What is printed must match, line for line, the records from their first line through the line containing "Canvasback Drake by", with pictures left out.

§ **Dataset entries**
-- Opening Marker --

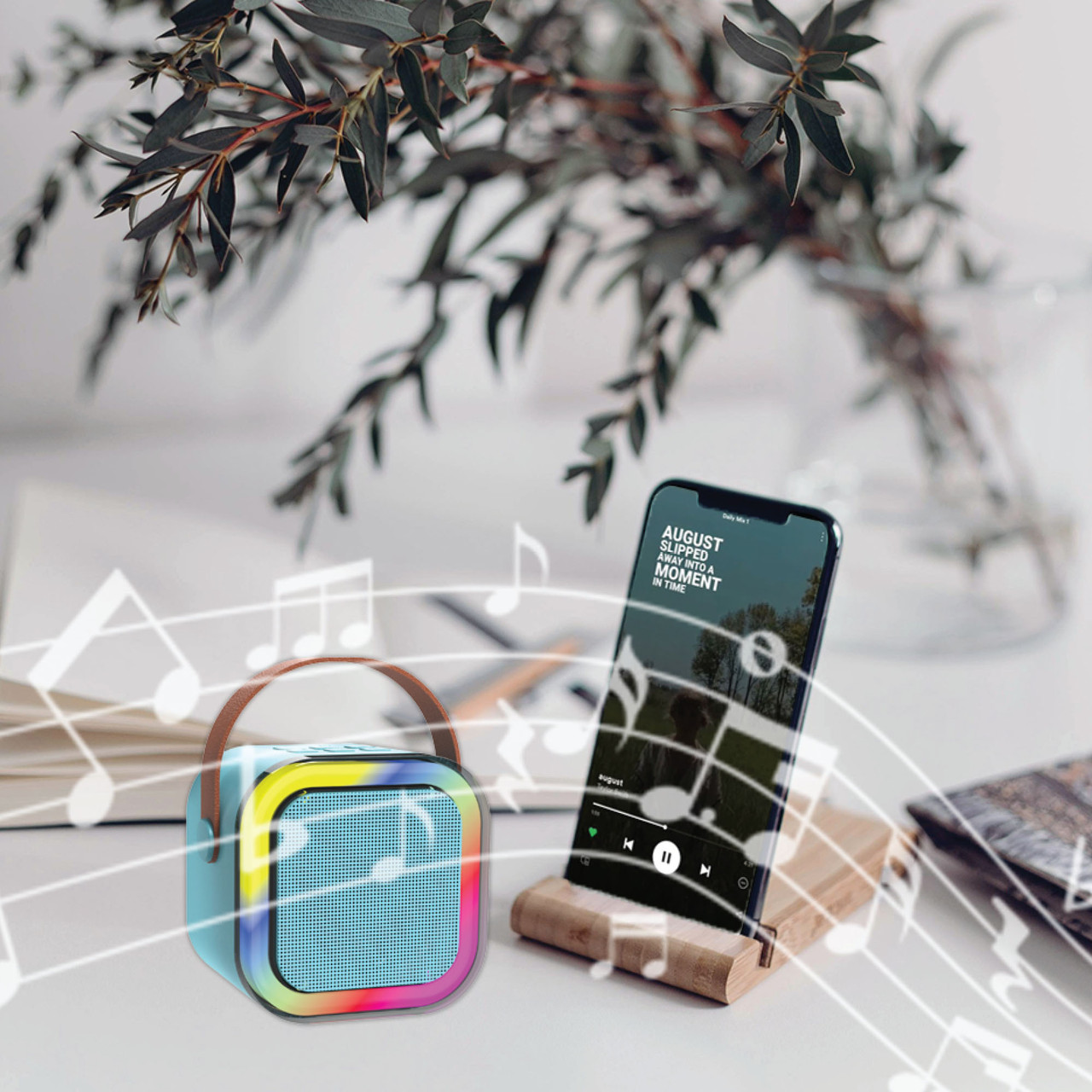 Make every occasion memorable with the Laser Mini Karaoke Speaker and its two wireless microphones!
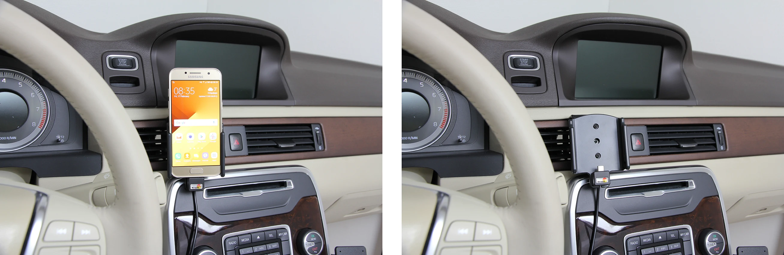 The holder is attached onto a tilt swivel and can be adjusted in order to avoid light reflection. 12 Volt. Attach the holder onto a ProClip Mounting Platform in your car.
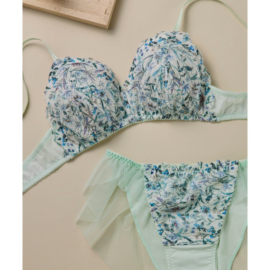 BE,GYカラーは「MEGUMI」柄、BU,LBカラーは「JESSIE'S JEWEL」柄をレースにプリント。
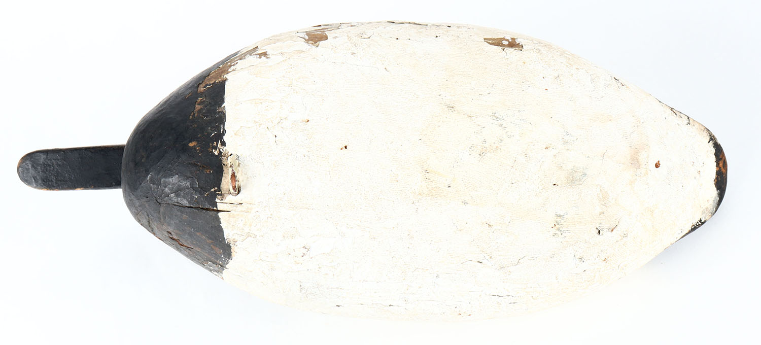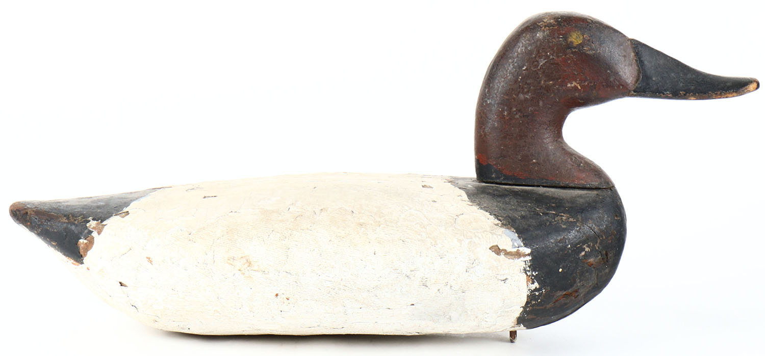 Canvasback Drake by unknown Maryland maker, painted eyes, solid wood, old hunter working repaint, has age cracks on back and bottom. Grade: Very Good - Value: 50 to 100
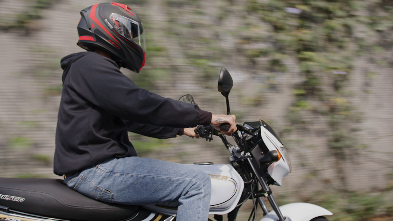 Andrés Rocha, domiciliario en la ciudad Bogotá, habla de por qué la Bóxer CT100 es la mejor compañera de los domicilios, pues empieza el día relajadito ‘Me ofrece seguridad y confianza’,
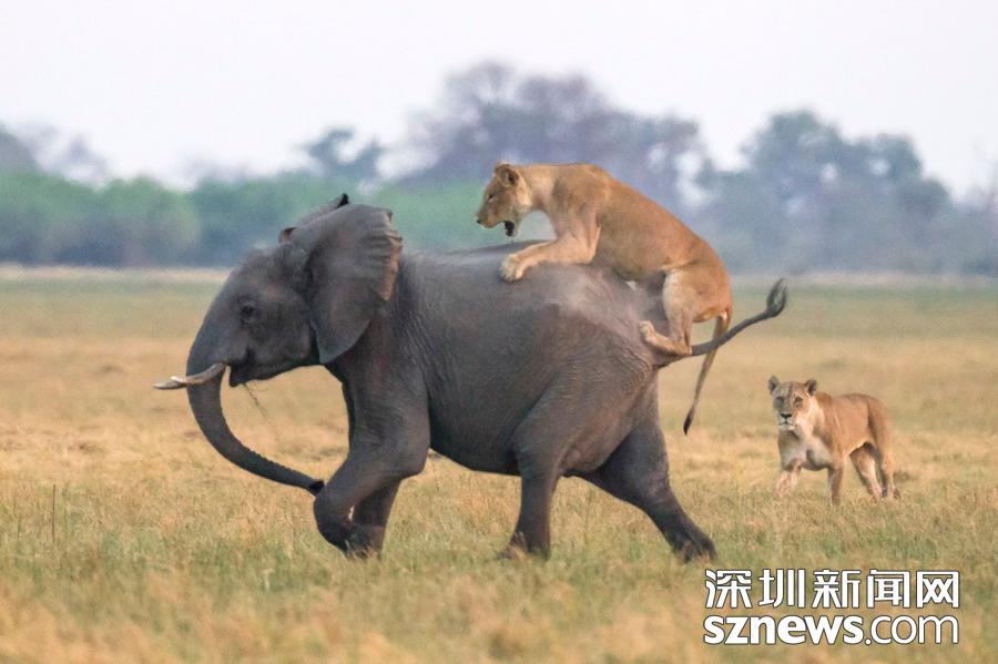 英國攝影師詹姆斯(James Gifford)在博茨瓦納喬貝國家公園拍到一群獅子獵食大象的精彩畫面。在詹姆斯的鏡頭下,一頭母獅跳到了一頭小象的背上想要將其拿下,但僅憑一己之力又不能做到。但當母獅的后援抵達時,象群也趕到了現(xiàn)場。最終,小象回到了象群中獲得庇護,而獅群也不得不悻悻離去。

-- Closing Marker --

§ **Result for this exercise**
 Make every occasion memorable with the Laser Mini Karaoke Speaker and its two wireless microphones!
 The holder is attached onto a tilt swivel and can be adjusted in order to avoid light reflection. 12 Volt. Attach the holder onto a ProClip Mounting Platform in your car.
 BE,GYカラーは「MEGUMI」柄、BU,LBカラーは「JESSIE'S JEWEL」柄をレースにプリント。
 Canvasback Drake by unknown Maryland maker, painted eyes, solid wood, old hunter working repaint, has age cracks on back and bottom. Grade: Very Good - Value: 50 to 100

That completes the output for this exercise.